Task requirements — Reproduce only what runs from the line containing "Deze charmante oorstekers" to the line containing "次卧的书桌是悬空的,非常节省" in the records below, inclusive. Keep it exact, and keep the pictures out.
BEGIN The records
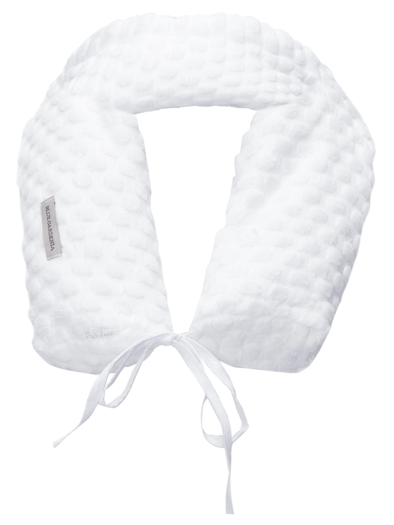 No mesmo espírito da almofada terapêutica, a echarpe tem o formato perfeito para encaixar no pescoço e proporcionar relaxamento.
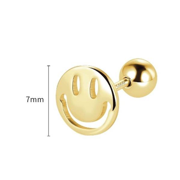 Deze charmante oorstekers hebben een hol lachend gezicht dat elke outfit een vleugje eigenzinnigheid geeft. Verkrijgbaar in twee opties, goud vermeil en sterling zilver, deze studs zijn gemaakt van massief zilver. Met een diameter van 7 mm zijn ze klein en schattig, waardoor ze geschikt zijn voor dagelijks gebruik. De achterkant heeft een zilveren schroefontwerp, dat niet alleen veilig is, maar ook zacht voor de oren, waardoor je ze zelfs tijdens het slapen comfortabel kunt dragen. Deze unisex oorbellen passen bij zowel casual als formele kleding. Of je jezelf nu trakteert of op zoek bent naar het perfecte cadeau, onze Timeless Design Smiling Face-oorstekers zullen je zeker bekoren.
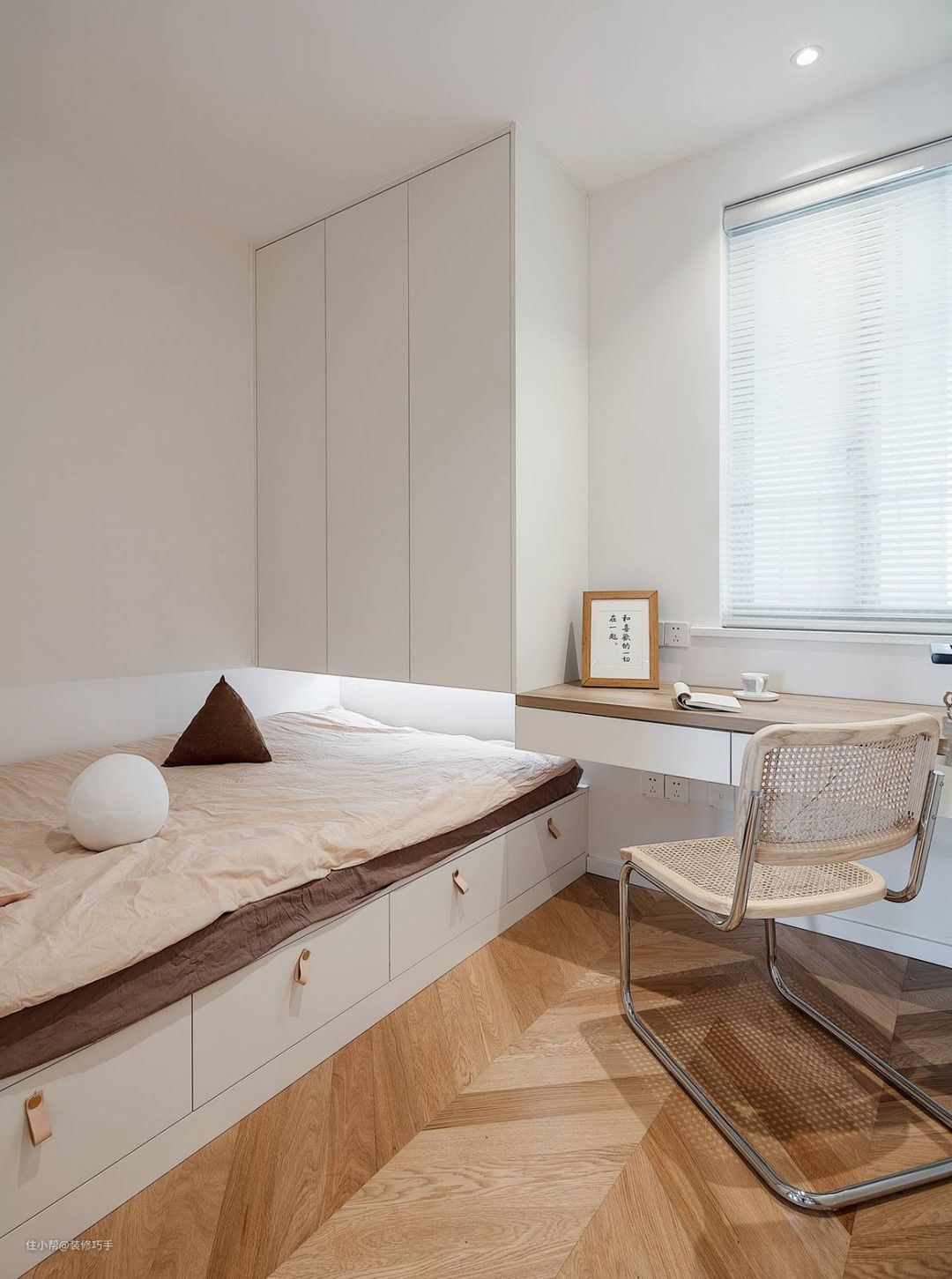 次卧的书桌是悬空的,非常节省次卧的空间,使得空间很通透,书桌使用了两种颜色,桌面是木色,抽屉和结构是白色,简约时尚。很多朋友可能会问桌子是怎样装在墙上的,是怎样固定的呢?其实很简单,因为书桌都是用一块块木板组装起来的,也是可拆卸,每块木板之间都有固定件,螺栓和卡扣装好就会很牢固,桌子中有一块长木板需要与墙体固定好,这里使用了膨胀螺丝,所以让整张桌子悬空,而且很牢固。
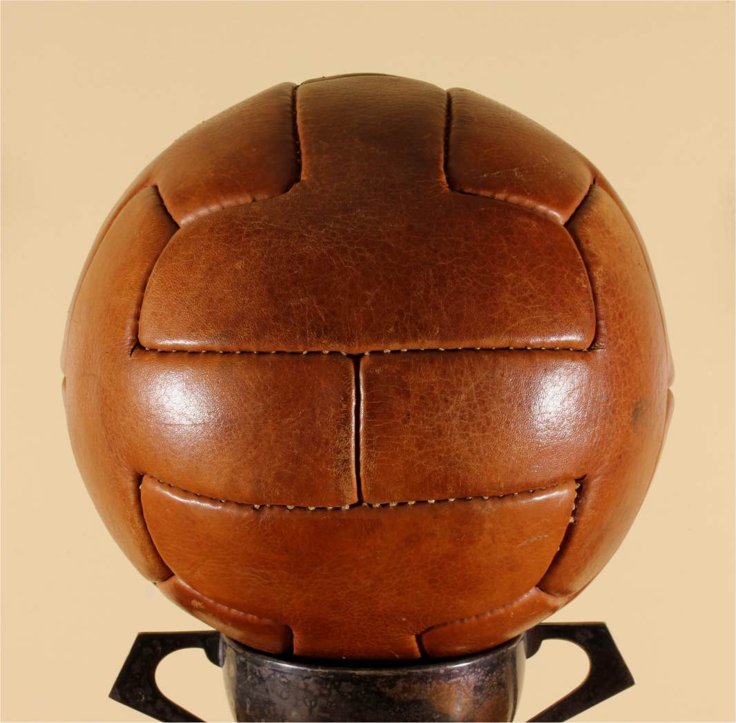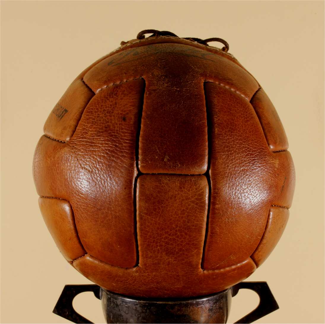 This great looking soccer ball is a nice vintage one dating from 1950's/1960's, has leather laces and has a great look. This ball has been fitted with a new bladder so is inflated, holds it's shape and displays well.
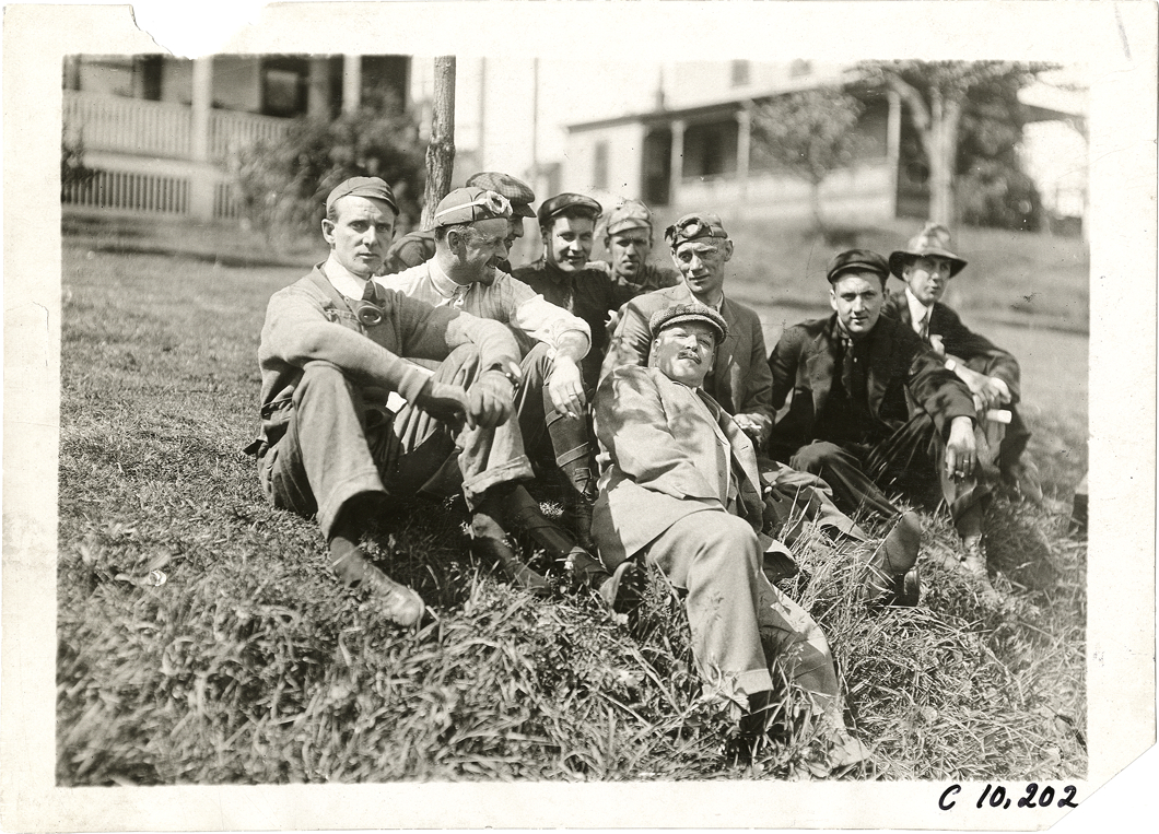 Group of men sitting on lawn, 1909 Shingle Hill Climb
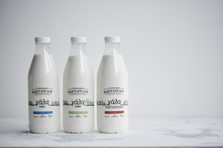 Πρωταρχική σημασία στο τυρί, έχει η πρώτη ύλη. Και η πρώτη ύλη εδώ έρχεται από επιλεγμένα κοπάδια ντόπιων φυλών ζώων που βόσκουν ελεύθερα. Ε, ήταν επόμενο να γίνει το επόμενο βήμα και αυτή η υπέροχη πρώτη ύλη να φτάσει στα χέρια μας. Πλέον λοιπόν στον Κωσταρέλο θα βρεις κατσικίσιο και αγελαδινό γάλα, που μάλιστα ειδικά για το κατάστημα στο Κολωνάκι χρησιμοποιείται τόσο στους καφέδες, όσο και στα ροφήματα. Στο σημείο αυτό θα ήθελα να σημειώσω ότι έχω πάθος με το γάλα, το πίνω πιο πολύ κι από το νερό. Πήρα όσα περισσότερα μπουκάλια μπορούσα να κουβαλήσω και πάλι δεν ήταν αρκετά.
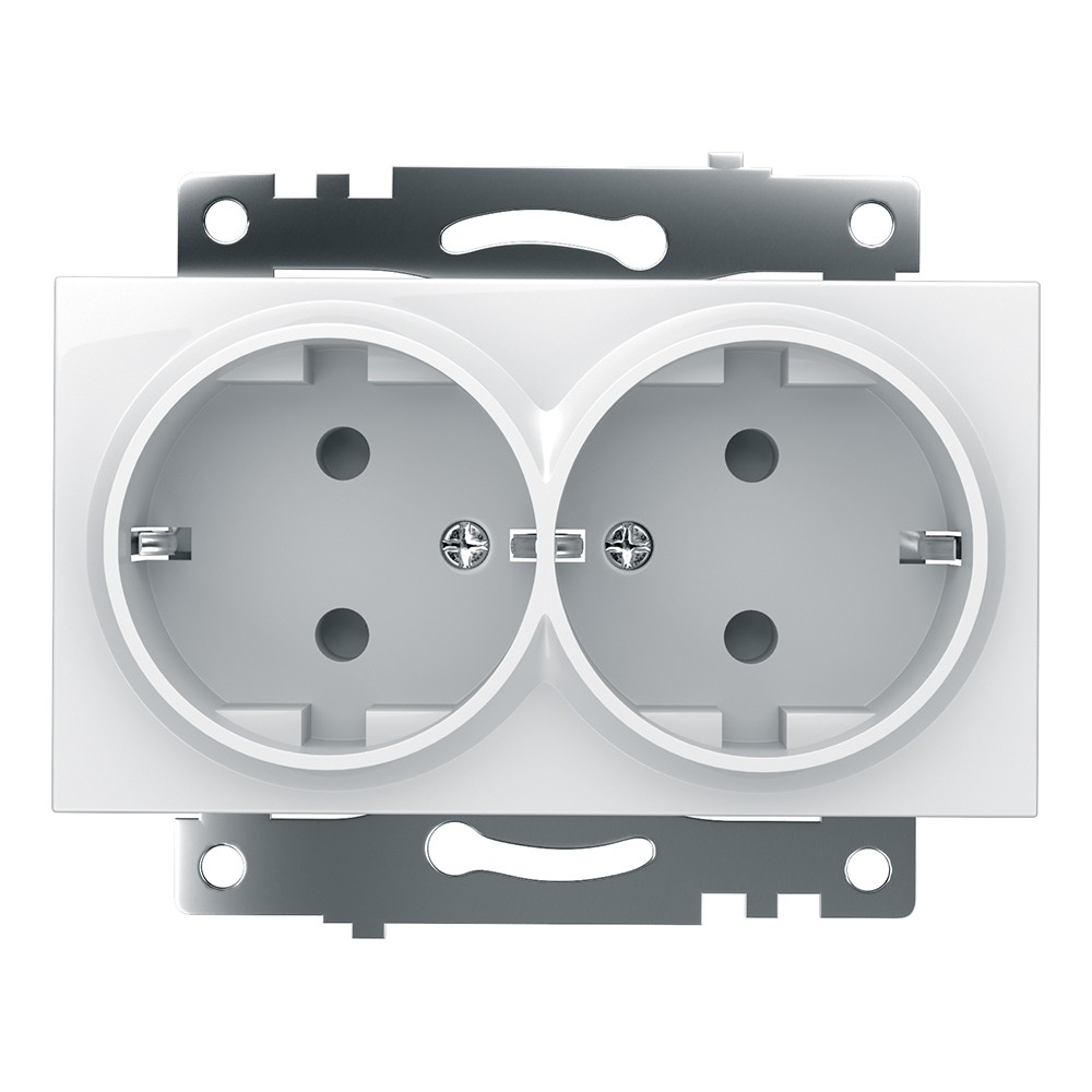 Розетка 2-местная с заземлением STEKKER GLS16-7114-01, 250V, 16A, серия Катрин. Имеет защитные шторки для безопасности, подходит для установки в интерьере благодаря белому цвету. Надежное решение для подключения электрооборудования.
END The records
BEGIN The records
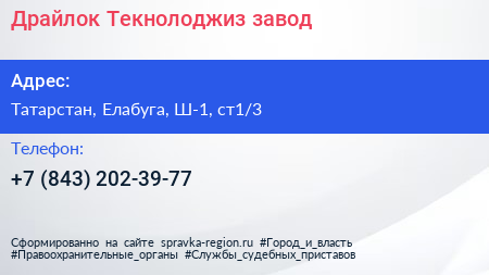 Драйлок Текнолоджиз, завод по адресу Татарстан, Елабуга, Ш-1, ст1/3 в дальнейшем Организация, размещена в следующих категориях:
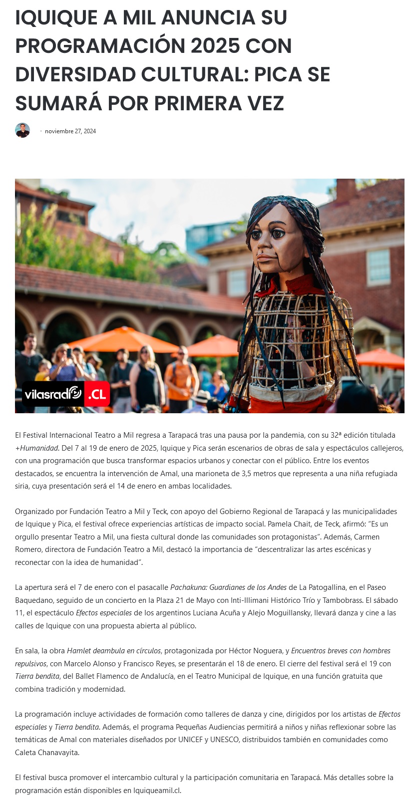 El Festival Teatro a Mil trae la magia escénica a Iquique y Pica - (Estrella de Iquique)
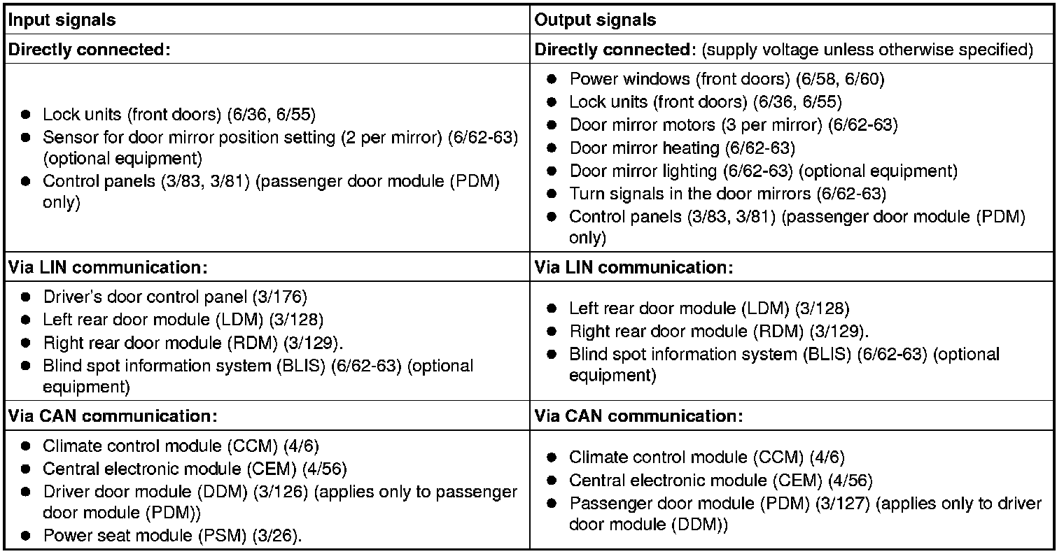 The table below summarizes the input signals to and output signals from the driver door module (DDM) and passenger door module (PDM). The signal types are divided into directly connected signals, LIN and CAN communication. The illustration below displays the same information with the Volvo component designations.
END The records
BEGIN The records
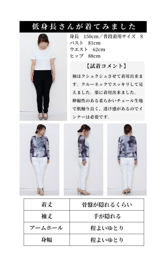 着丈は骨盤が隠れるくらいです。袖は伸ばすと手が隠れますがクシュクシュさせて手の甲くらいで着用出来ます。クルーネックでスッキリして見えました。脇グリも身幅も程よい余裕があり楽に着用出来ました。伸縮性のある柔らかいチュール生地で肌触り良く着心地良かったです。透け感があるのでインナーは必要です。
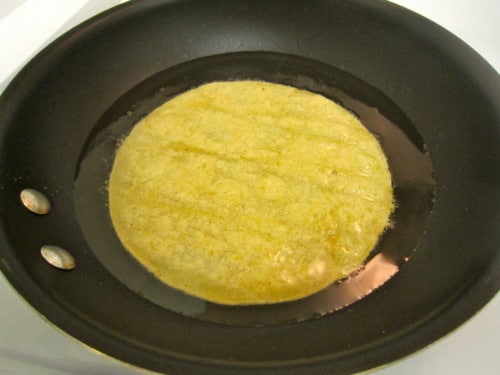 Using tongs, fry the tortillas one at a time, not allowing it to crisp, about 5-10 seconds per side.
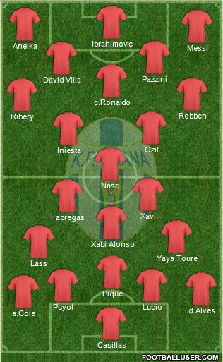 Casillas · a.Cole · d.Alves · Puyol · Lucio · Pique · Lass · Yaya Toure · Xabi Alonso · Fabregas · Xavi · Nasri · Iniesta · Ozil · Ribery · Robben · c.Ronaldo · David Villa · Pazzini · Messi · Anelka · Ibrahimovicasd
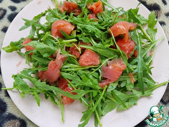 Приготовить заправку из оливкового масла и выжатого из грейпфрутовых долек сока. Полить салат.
END The records
Response to this task —
 Deze charmante oorstekers hebben een hol lachend gezicht dat elke outfit een vleugje eigenzinnigheid geeft. Verkrijgbaar in twee opties, goud vermeil en sterling zilver, deze studs zijn gemaakt van massief zilver. Met een diameter van 7 mm zijn ze klein en schattig, waardoor ze geschikt zijn voor dagelijks gebruik. De achterkant heeft een zilveren schroefontwerp, dat niet alleen veilig is, maar ook zacht voor de oren, waardoor je ze zelfs tijdens het slapen comfortabel kunt dragen. Deze unisex oorbellen passen bij zowel casual als formele kleding. Of je jezelf nu trakteert of op zoek bent naar het perfecte cadeau, onze Timeless Design Smiling Face-oorstekers zullen je zeker bekoren.
 次卧的书桌是悬空的,非常节省次卧的空间,使得空间很通透,书桌使用了两种颜色,桌面是木色,抽屉和结构是白色,简约时尚。很多朋友可能会问桌子是怎样装在墙上的,是怎样固定的呢?其实很简单,因为书桌都是用一块块木板组装起来的,也是可拆卸,每块木板之间都有固定件,螺栓和卡扣装好就会很牢固,桌子中有一块长木板需要与墙体固定好,这里使用了膨胀螺丝,所以让整张桌子悬空,而且很牢固。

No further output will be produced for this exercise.